Even with these methods, the SRS of the inner laser beams at the National Ignition Facility (NIF)1,12,29–31 remains a major problem for high-convergence implosion with a CH capsule inside a gas-filled hohlraum driven by a long laser pulse.32–34 The inner beams of the NIF hohlraums have a long propagation path and encounter plasma blowoff from the high-Z walls, low-Z plasma ablated from the capsule, and any filling gas within the hohlraum, which results eventually in unpredictable and serious SRS. With the aim of achieving a low level of LPI, attention has turned to the use of ablators made of high-density carbon (HDC), which has the advantage of high density, allowing the use of thinner capsules and shorter laser pulses and thus leading to a low level of LPI and better symmetry control in low gas-filled hohlraums.

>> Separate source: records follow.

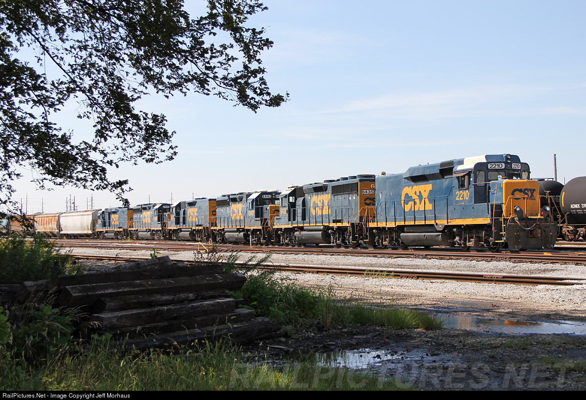 A CSX GP30 style road slug sits on the point of a short local in CSX's small yard in Decatur, Illinois. Locomotives: CSX 2210 (GP30 Road Slug), CSX 6435 (GP40-2), CSX 6442 (GP40-2), CSX 2275 (GP35 Road Slug), CSX 6916 (GP40-2) and CSX 2322 (GP30 Road Slug).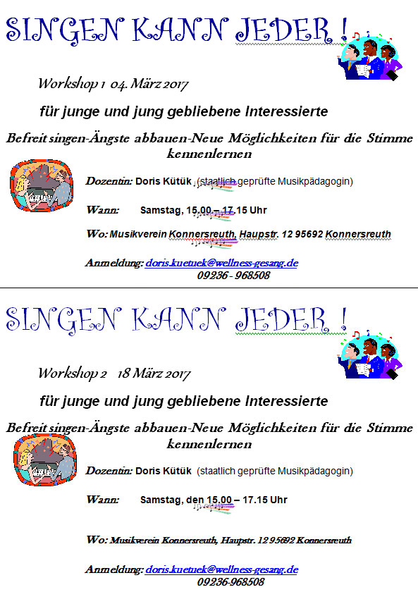 - Sänger (Kirchenchor, Band usw.), die lernen wollen, wie man mit seiner Stimme entspannt und schonend umgehen kann, um Anforderungen besser gerecht werden zu können.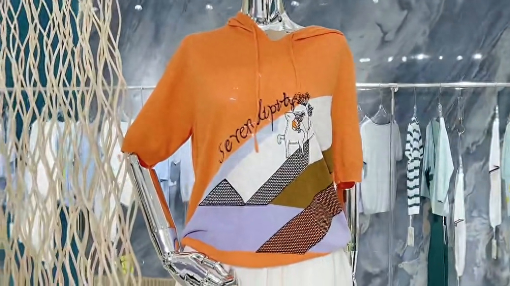 像他们家的货品上面的印花全部是做的刺绣的工艺,每一件都是这样的刺绣加贴布的工艺,所以机洗也是完全不会去变形的,因为很多机器打印的印花可能多洗几次都会掉,上面所有的印花、贴布、刺绣洗多少次都不是会掉的,而且整个的手感非常好。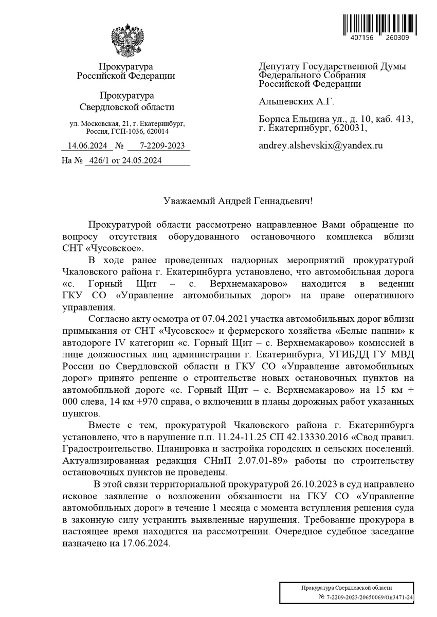 Управление автодорог Свердловской области не спешило построить остановку возле СНТ «Чусовское» (Екатеринбург, район Верхнемакарово).

With an HDC capsule, the recent tremendous breakthrough of 3.15 MJ fusion yield from 2.05 MJ energy input on the NIF has provided a successful demonstration of ignition in ICF.35 Nevertheless, the NIF results demonstrate that there is a limit on the degree to which LPI can be reduced via both temporal incoherence and spatial incoherence, and suppression of SRS is still a crucial task if the NIF is to be able to achieve a predictable and reproducible fusion gain via a low-entropy and high-convergence implosion driven by a long laser pulse.

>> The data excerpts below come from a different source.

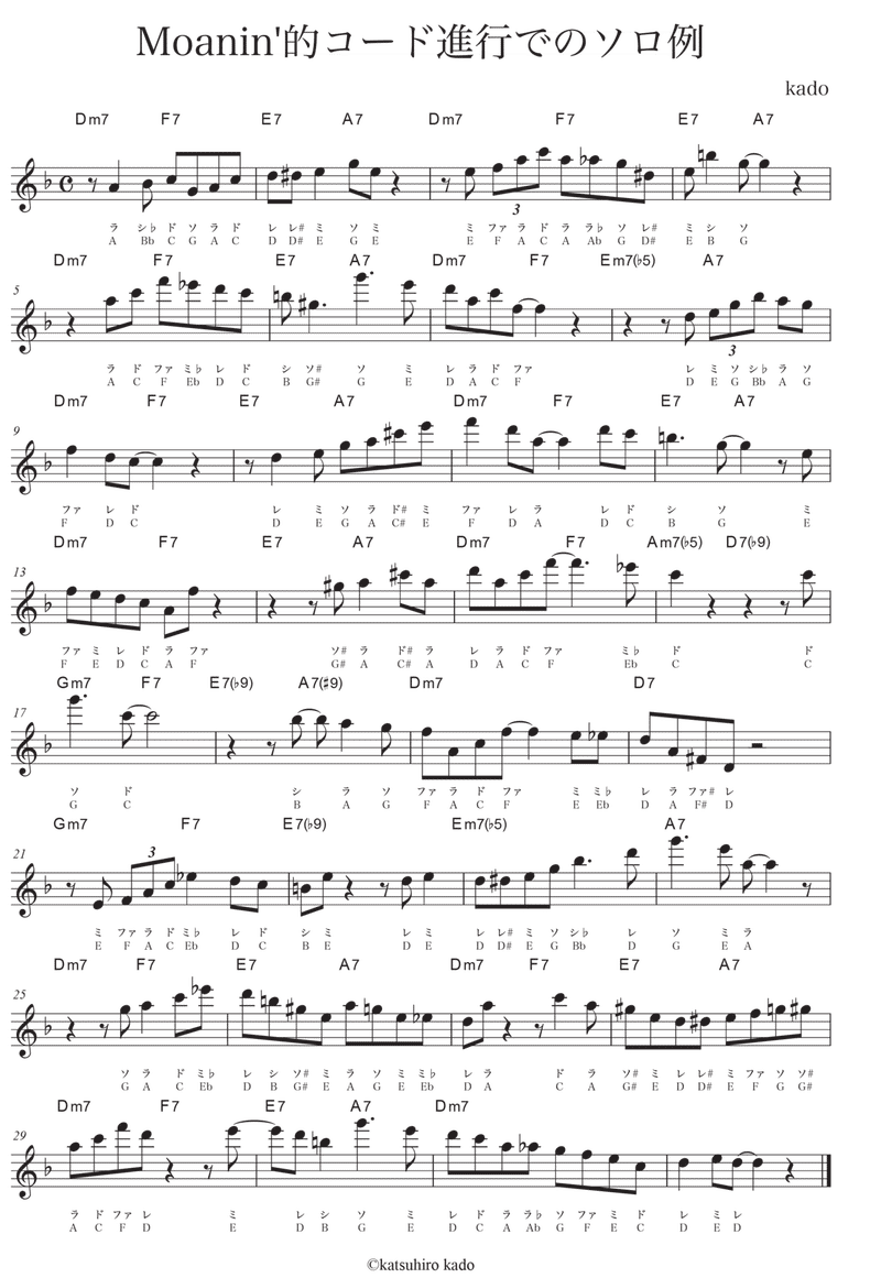 アルトサックス Moanin 的コード進行でのソロ例 加度 克紘 Note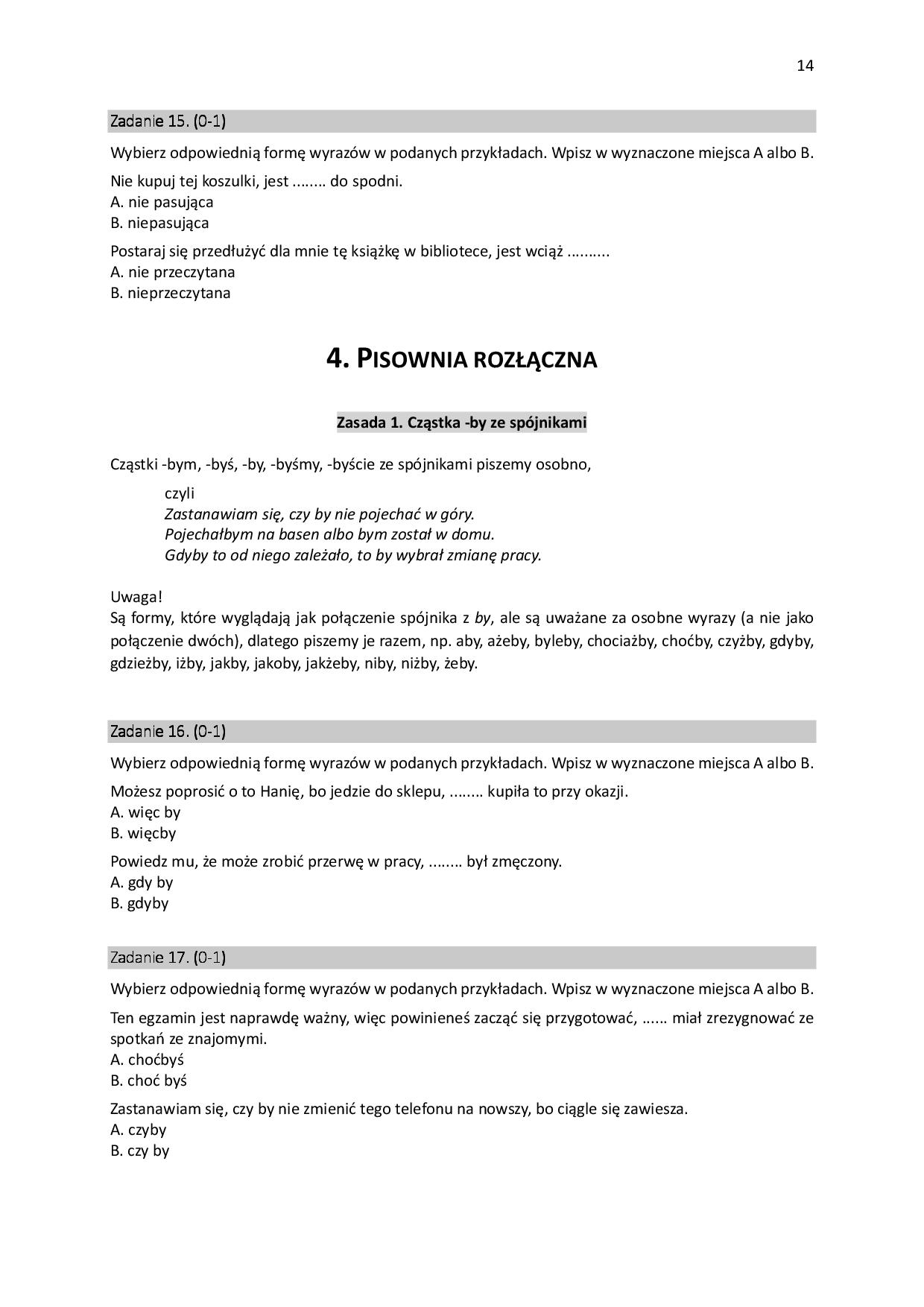 Część 2. zawiera większość zmian. Zostały one podzielone na działy (wielka litera itp.) i przełożone na język bliższy uczniom. Dodane są również zadania utrwalające daną zasadę. Część 3. to zbiór zadań dotyczących najważniej-szych zmian, a część 4. – dwa przykładowe dyktanda.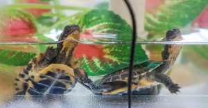 Four pregnant turtles were recently found and their eggs were incubated, which produced a crop of 57 baby turtles. They’re all being cared for at the zoo, for now. “They have little containers that they’re in, like a little setup of water and food and all that sort of stuff, and they are marked so we know who came from what mother, so that we know when we put them back in the wild, we know that we’re going to put them back in the area where the female was found,” Eckles says. “So they have little markers on them, so we can identify who goes where.” The dozens of turtles will be set free next spring in the spots where their mothers were discovered. The turtles were about the size of a quarter when they hatched, and they’ll be about three to four inches in diameter when released.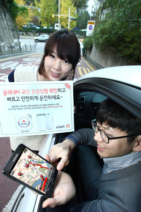 올레내비, 사고·통제 등 TBS제공 실시간 돌발 교통정보 서비스돌발 교통상황 발생지점 우회경로 자동검색으로 안전운행 지원새로운 올레내비 이용고객 중 추첨 통해 충전기와 거치대 세트

Given that the temporal and spatial dimensions are related to energy (frequency) and momentum, while the angular dimension is related to angular momentum, it should be possible to suppress LPI via angular incoherence. The spatial coherence area is usually expressed as the product of two spatial lengths, that is, Δs = Δy · Δz for a laser propagating in the x direction. We can rewrite this as Δs = rΔrΔφ. In this way, Δr is related to radial coherence and Δφ to angular coherence. Taking SRS as an example, we know that SRS in plasma is a three-wave coupling process related to the decay of a driving laser into an electron plasma wave and a scattering wave, in which the following frequency and wave number matching corresponding to energy and momentum conservation must be satisfied: ω_L = ω₁ + ω₂ and k_L = k₁ + k₂. In addition to energy and momentum, the driving laser may also carry angular momentum, in which case angular momentum conservation must also be satisfied for the LPI, that is, L_L = L₁ + L₂. In fact, the presence of orbital angular momentum in the driving laser beam (such as in a Laguerre–Gaussian beam) has been used to study Raman scattering in laser–plasma interaction.36–39 In this paper, we propose for the first time to suppress LPI with angularly incoherent light and pay particular attention to the effect of angular incoherence on the instability growth rate, which should pave the way towards a low-LPI laser system with a super light spring of incoherence in all dimensions of time, space, and angle. We prove analytically and with three-dimensional (3D) particle-in-cell (PIC) simulations that angular incoherence provides suppression of the instability growth rate that is additional to and much stronger than that provided by temporal incoherence.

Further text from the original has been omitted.